Как только Галлони, отвесив поклон, отошел от меня, он поместился сбоку концертной эстрады. На нем был безукоризненный черный бархатный костюм, на груди его блестели ордена, полученные им за мое пение, а его желтое, обрамленное черной бородой лицо осветилось каким-то таинственным огнем. Прежде чем отойти от меня, он произнес повелительно: «Засни!» И сейчас же во мне исчезла моя собственная воля, и я снова стала жалким существом, зависящим от его гения и от его воли. Оркестр начал играть. Торжественно раздавались звуки в огромной зале, в которой царило молчание, словно в храме. И я начала петь. Мне потом сказали, что я привела публику в сплошной восторг, что она безумствовала. Когда я кончила мою большую, трудную арию, по всему театру разнесся гром аплодисментов, меня засыпали цветами, целый дождь букетов и венков обрушился на меня. Галлони быстро собирал эти душистые дары и складывал их на стоящее позади меня кресло, которое, благодаря этому, становилось похожим на трон из цветов.

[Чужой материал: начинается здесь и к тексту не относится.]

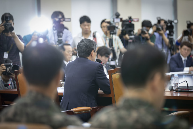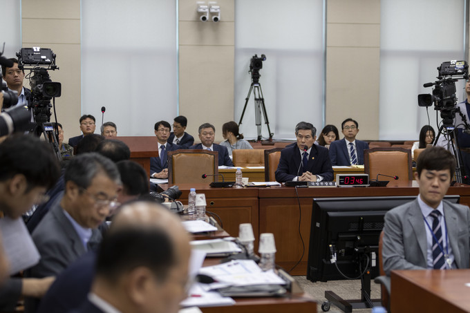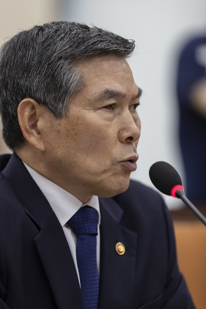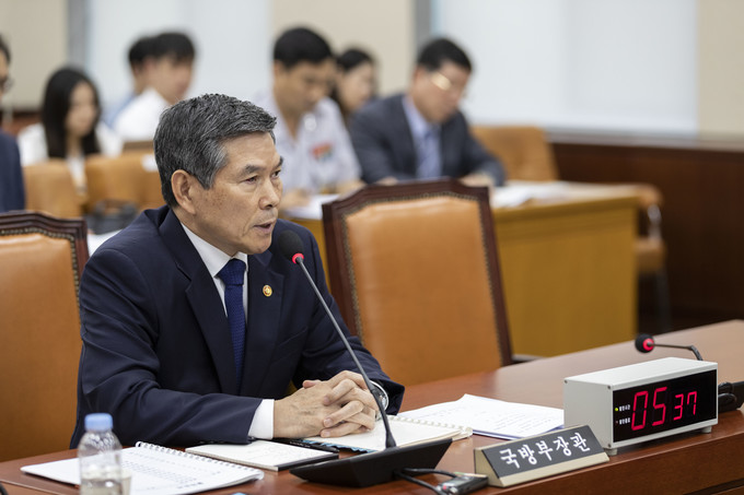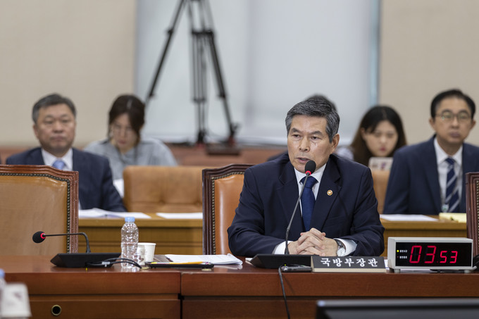 정경두 국방부 장관이 3일 오전 서울 여의도 국회에서 열린 국회 국방위원회 전체회의에 출석해 의원 질의에 답하고 있다.

Затем снова наступило молчание, снова заиграл оркестр, а Галлони опять стал на своем удобном месте и его пламенные взоры устремились на мое лицо, такое бледное и жалкое под слоем румян. Я начала петь, и на этот раз ария была более тяжела и ответственна, так как это была ария из только что появившейся итальянской оперы, наделавшей много шума. Черты лица Галлони были крайне напряжены, большие капли пота выступили на его лбу. Если бы кто-либо взглянул на него в это время, он бы понял, что Галлони занят тяжелой, физически утомляющей работой и что и его нервы находятся в безумном возбуждении. В это мгновение к итальянцу приблизились две мужские фигуры.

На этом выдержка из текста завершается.